Germany itself had suffered only slight damage during the war. The consequences of the battles for East Prussia had been largely eliminated while the war was still ongoing. More extensive damage caused by isolated air raids remained the exception. The main internal German reconstruction effort was the integration and compensation of hundreds of thousands of Germans living abroad who streamed into Germany as refugees or displaced persons beginning in late 1918. They included Germans from ceded territories such as Alsace–Lorraine (to France), Eupen-Malmedy (to Belgium), Posen and West Prussia (most of both to the Second Polish Republic) and the German colonial empire. A large number of Germans who had been interned all over the world during the war were also deported to Germany after its end. The refugees and displaced persons had to be adequately compensated for their losses in order to enable them to make a new start in Germany, a task which was also assigned to the Reich Ministry for Reconstruction.

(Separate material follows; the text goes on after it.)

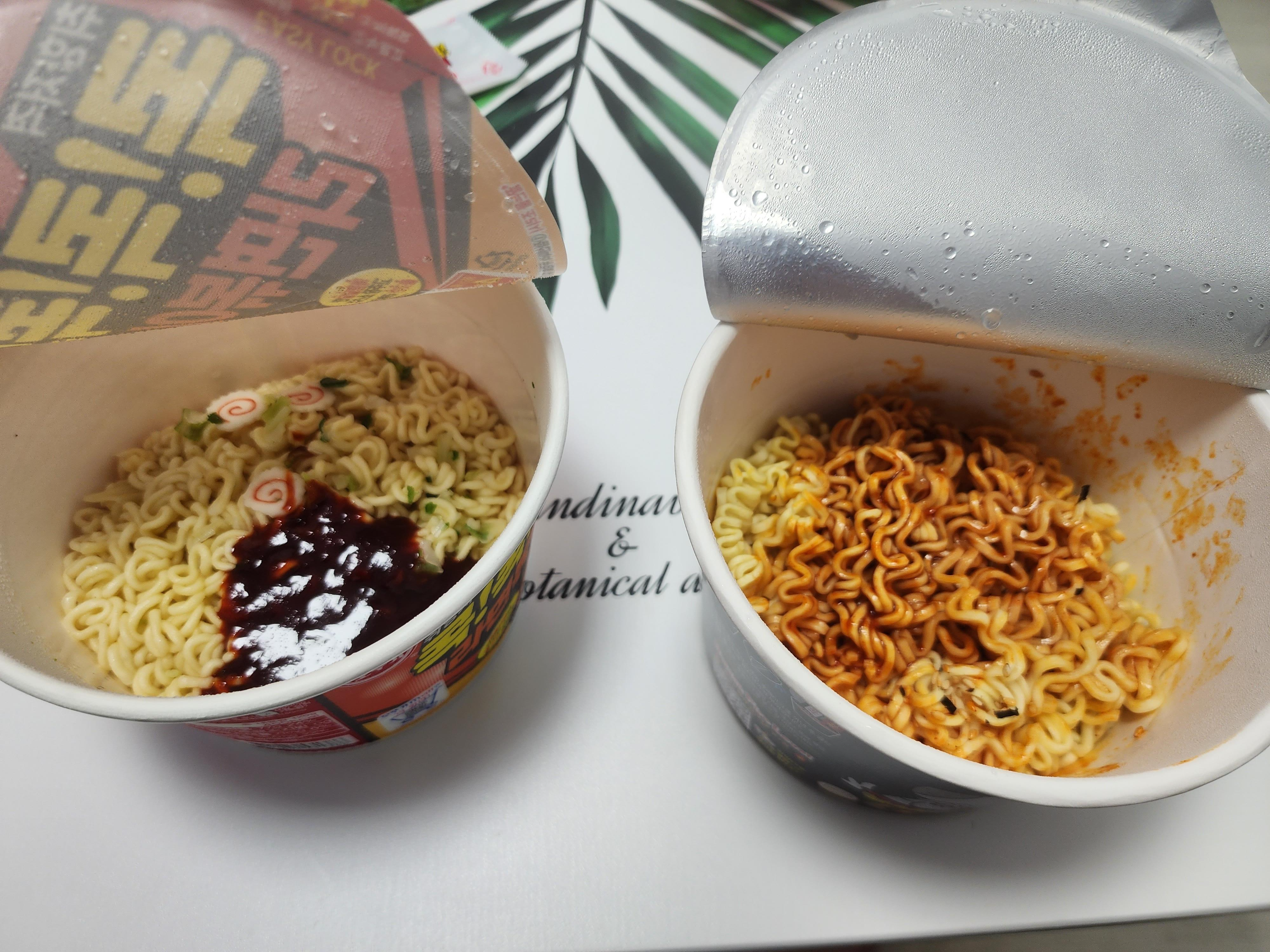 오늘은 불닭볶음면과 라면볶이를 조합하여 먹어봤는데요.

Germany had dismantled and removed a considerable amount of material from occupied territory during the war, all of which was to be returned. Hundreds of thousands of tons of machinery and other objects had to be packed and transported from Germany. Extensive logistics were developed for the purpose. Financial obligations involving the private movement of capital had also accumulated between Germany and its enemies during the war. Loans, for example, could not be repaid due to capital controls. By the end of the war, such obligations had grown to several billion gold marks. The Treaty of Versailles therefore laid down a compensation procedure for claims and debts, the execution of which was transferred to the Ministry of Reconstruction.

Enemy assets in Germany had also been confiscated and companies liquidated. At the war's end, the task of reversing the actions and compensating the victims fell to the Ministry. In addition, it took over the budget, staff and premises of the Imperial Colonial Office, which, as the Colonial Central Administration, was responsible for dismantling the German colonial empire.

The Ministry was disbanded by presidential decree in May 1924.

== Structure ==

The Reich Ministry for Reconstruction was housed in the former headquarters of the Imperial Colonial Office at Wilhelmstraße 62 in Berlin. The following authorities were assigned to the Ministry:

| Department | Established | Closed |
|---|---|---|
| Reich Commission for Compensation (incorporated in 1919) | 26 April 1915 | 31 March 1922 |
| Reich Commission for the Liquidation of Foreign Enterprises ( incorporated in 1919) | 24 September 1916 | 31 March 1923 |
| Trustee for enemy assets (incorporated in 1919) | 19 April 1917 | 29 September 1923 |
| Reich Committee for the Reconstruction of the Merchant Fleet ( incorporated in 1919) | 7 November 1917 | 25 August 1923 |
| Reich Commission for the Execution of Reconstruction Work in the Destroyed Regions |  |  |
| Reich Restitution Commission |  |  |
| German Coal Commission in Essen |  |  |
| Reich Office of Equalization |  |  |
| Reich and State Commissioner for the Investigation of Damages Due to Uprisings in Upper Silesia |  |  |
| Reich Commission for Foreign Claims |  |  |
| Reich Compensation Office for War Damage |  |  |
| German Commission on War Burdens |  |  |

== Ministers ==

| Minister | Took office | Left office | Party |
|---|---|---|---|
| Otto Gessler | 25 October 1919 | 27 March 1920 | DDP |
| Walther Rathenau | 10 May 1920 | 26 October 1921 | DDP |
| Heinrich Albert | 29 March 1923 | 12 August 1923 | Independent |
| Robert Schmidt | 13 August 1923 | 3 November 1923 | SPD |

Between 1920 and 1924, State Secretary Gustav Müller repeatedly took over management of the affairs of the Reich Ministry for Reconstruction, since frequently no Reich minister was appointed.